Ich sitze so, dass ich die weitläufig und offen angelegte Buchhandlung vor mir und die Anzeigetafel halb rechts von mir ohne Schwierigkeit beobachten kann, so werde ich gleich sehen, wann das Gate meiner Maschine nach Philadelphia öffnet. Das sollte kurz nach 12 Uhr Ortszeit geschehen, so steht es auf der Anzeigentafel und so geschieht es auch. Um 13:30 Uhr sollten wir abheben und das tun wir auch, just nachdem die Passagiere ihre Plätze eingenommen haben. Ich sitze auf einem D Platz, das heißt, ich sitze am linken Zwischengang und werde mich daher ab und zu sogar auf und ab bewegen können, wenn meine Glieder allzu steif werden sollten während des langen Sitzens. Die beiden Plätze neben mir bleiben frei, lediglich der vierte Platz dieser Mittelreihe ist belegt. Sehr gut, da kann man ja sogar die Beine seitlich hochlegen. Ich wundere mich etwas, dass die große Maschine eher spärlich besetzt ist, in allen Reihen gibt es freie Plätze, Mitte März scheint keine allzu belebte Reisezeit zu sein, denke ich, und schalte gleich den kleinen Bildschirm vor mir ein. Ich werde Filme sehen und zwar die ganz Neuen, Preisgekrönten. Ich beginne mit The Favorite und höre mit The Wife auf. Zwischendurch lese ich im neu verlegten Ascheregen von J.W. und manchmal verfalle ich in einen leichten Dämmerschlaf. Dann heißt es irgendwann, man setze zur Landung an. Gegen Abend eines endlos scheinenden Tages, während dessen unvorstellbar viel Raum hinter mir zurückgeblieben ist, lande ich in Philadelphia und werde von meiner ehemaligen Studentin, M.M., ganz herzlich begrüßt und sogar in die Arme geschlossen. Zusammen fahren wir etwa 20 Minuten bis in die Kleinstadt Swarthmore, wo sich Ms College befindet, dessen Gast ich in den nächstens Tagen sein werde. Es ist ein renommiertes College, an dem viel Wert auf die kultur- und sprachwissenschaftliche Ausbildung der Studierenden gelegt wird, und ich bin richtig stolz, dass eine unserer ehemaligen Studentinnen es geschafft hat in den USA zu promivieren und an einem so angesehenen College zu unterrichten. Man hat mich eingeladen, einen Vortrag über rumäniendeutsche Literatur zu halten und eine Lesung aus meinem Werk zu machen. Dazu wird mir die Möglichkeit geboten, mich in der Umgebung umzutun, was ich alles gerne annehme.

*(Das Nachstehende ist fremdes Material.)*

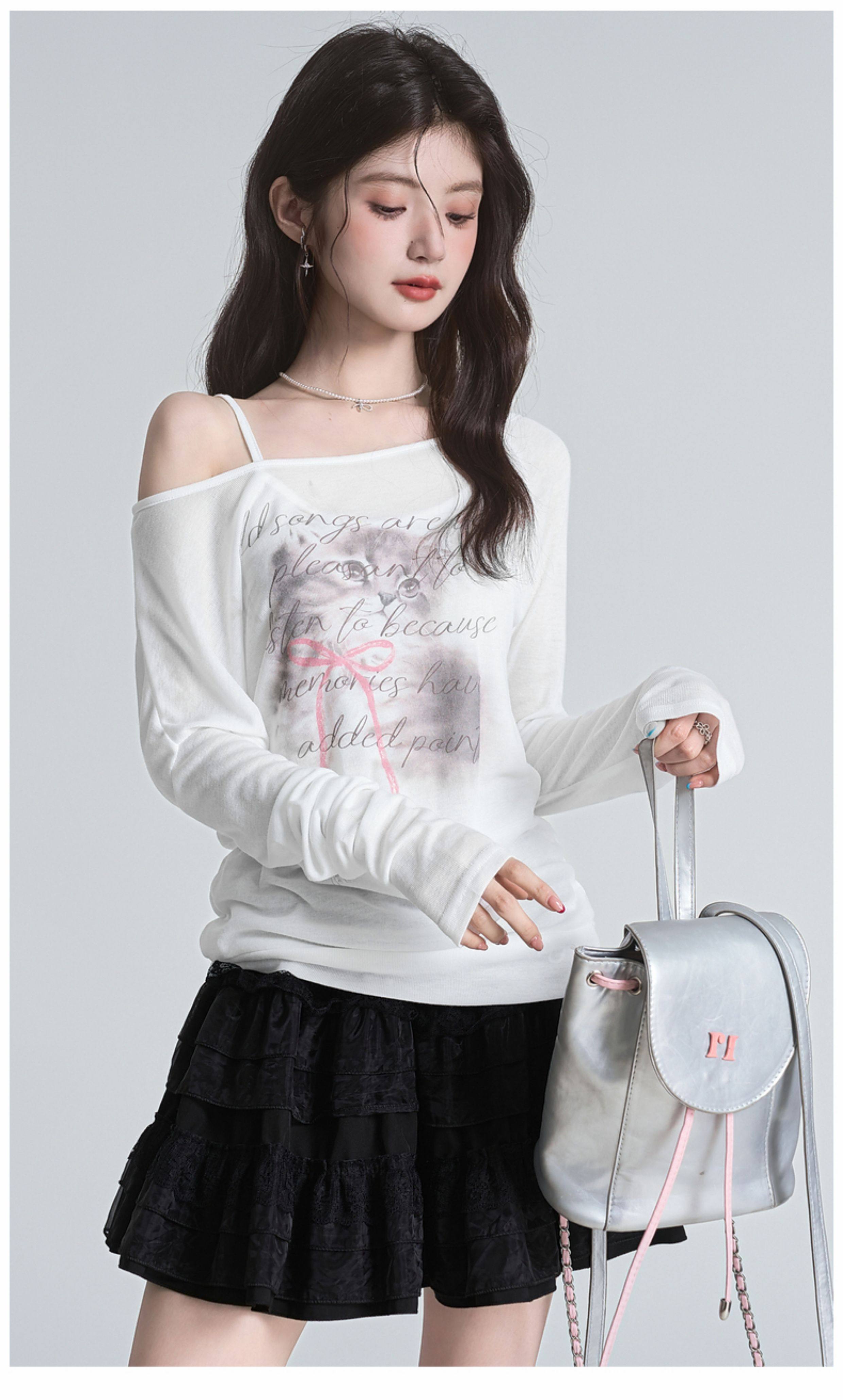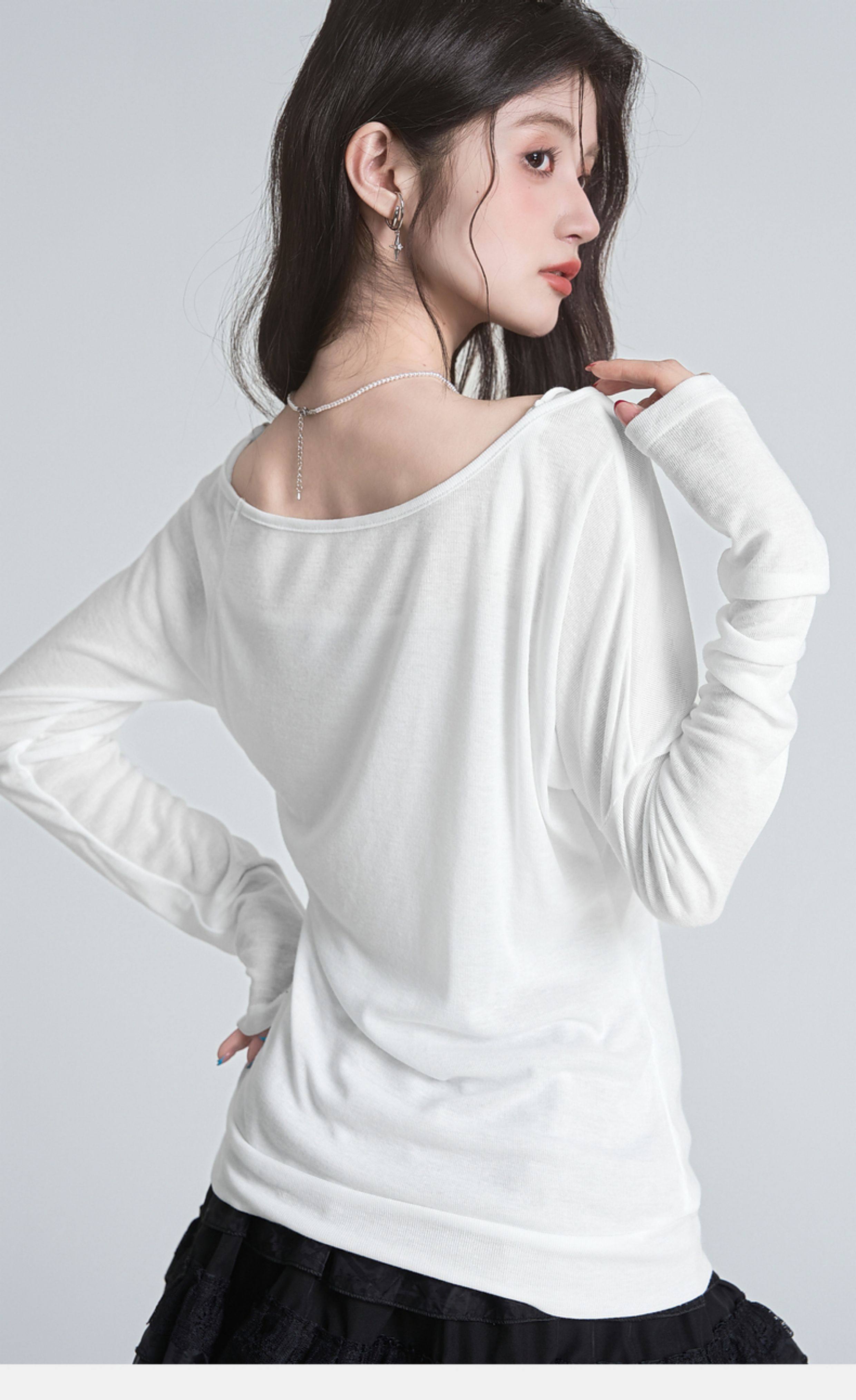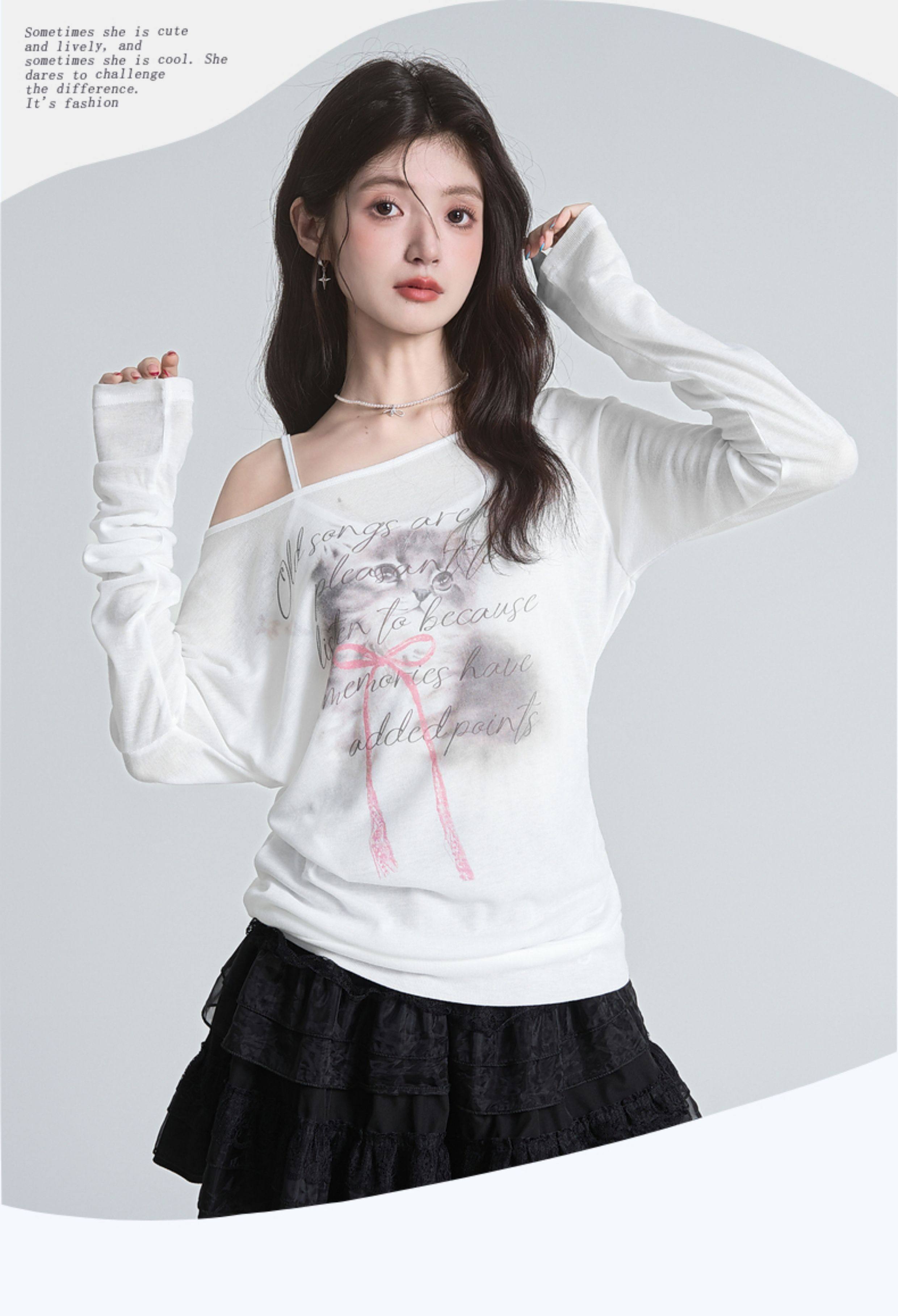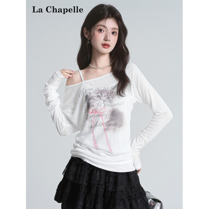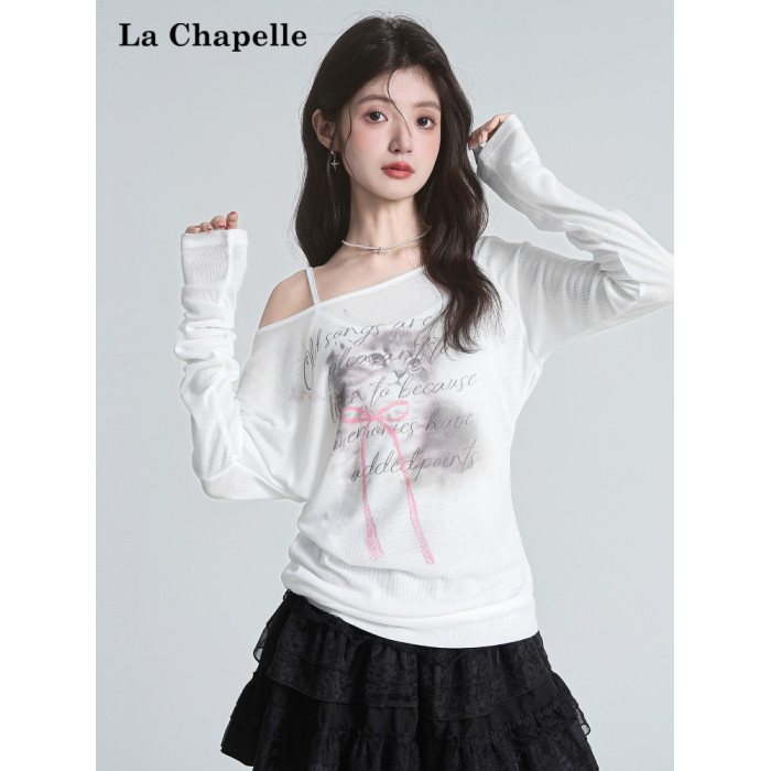 拉夏貝爾罩衫慵懶風斜肩針織衫女夏輕薄防曬T恤白色長袖露肩上衣

Pennsylvania reimt auf Transylvania
In Swarthmore gibt es im Grunde außer dem College Campus mit dessen Anlagen und Gebäuden nicht viel zu sehen, handelt es sich um eine recht adrette aber doch eher gewöhnliche Kleinstadt, wie es derer zahllose gibt in Pennsylvania oder in Maine, dem sogenannten New England. Ich nehme an, dass man aus Swarthmore nach Philadelphia oder in andere größere Ortschaften fährt um zu arbeiten. Und man tatsächlich binnen einer knappen halben Stunde mit dem Zug in Philadelphia sein und in der Jefferson Station mitten in der Stadt aussteigen. Und das tue ich gleich am ersten Tag nach meiner Ankunft: Es ist ein Mittwoch und mein freier Tag, der Tag der Anpassung sozusagen.
Philadelphia ist ein interessantes Gemisch von geschichtsträchtiger Tradition und neuzeitlicher Baukunst. Im Grunde handelt es sich um eine Stadt aus der amerikanischen Gründerzeit und sie zeugt vom abenteuerlichen Geist der ersten europäischen Einwanderer, Deutsche, Holländer, Iren und weitere mehr. Ihnen allen sind größere oder kleinere Denkmäler gewidmet: beeindruckende Bronzeallegorien, Steinskulpturen berittener Generäle und Heroen, eine bescheidene Parkbank mit dem Namen irgendeiner Gönnerfamilie in einem kleinen öffentlichen Garten, die Liberty Bell, jene Glocke, die zum ersten Mal die amerikanische Unabhängigkeit eingeläutet hatte, und nicht zuletzt das Tor der Landungsbrücke, an der William Penn und seine Leute zum ersten Mal das Ufer des stattlichen Delaware Flusses betreten und sich bald darauf heimisch gemacht hatten. Das ganze County, Pennsylvania, trägt den Namen des illustren Gründungsvaters, dessen überdimensionierte Statue den Turm der alten City Hall, des Rathauses, schmückt und mit majestätischer Geste die Stadt und das Land überwacht. Die City Hall kann man besichtigen und vor allem kann man sich auf den Turm hinauffahren lassen. Dazu braucht man lediglich eine Besucherkarte zu erwerben, auf der die genaue Uhrzeit angegeben wird, zu der man sich vor dem Aufzug einzufinden hat.
Fortsetzung folgt
Swarthmore am Abend meiner Ankunft. Fotos: die Verfasserin
Die Kronstädter Wochenschrift "Karpatenrundschau" erscheint als Beilage in der "Allgemeinen Deutschen Zeitung für Rumänien".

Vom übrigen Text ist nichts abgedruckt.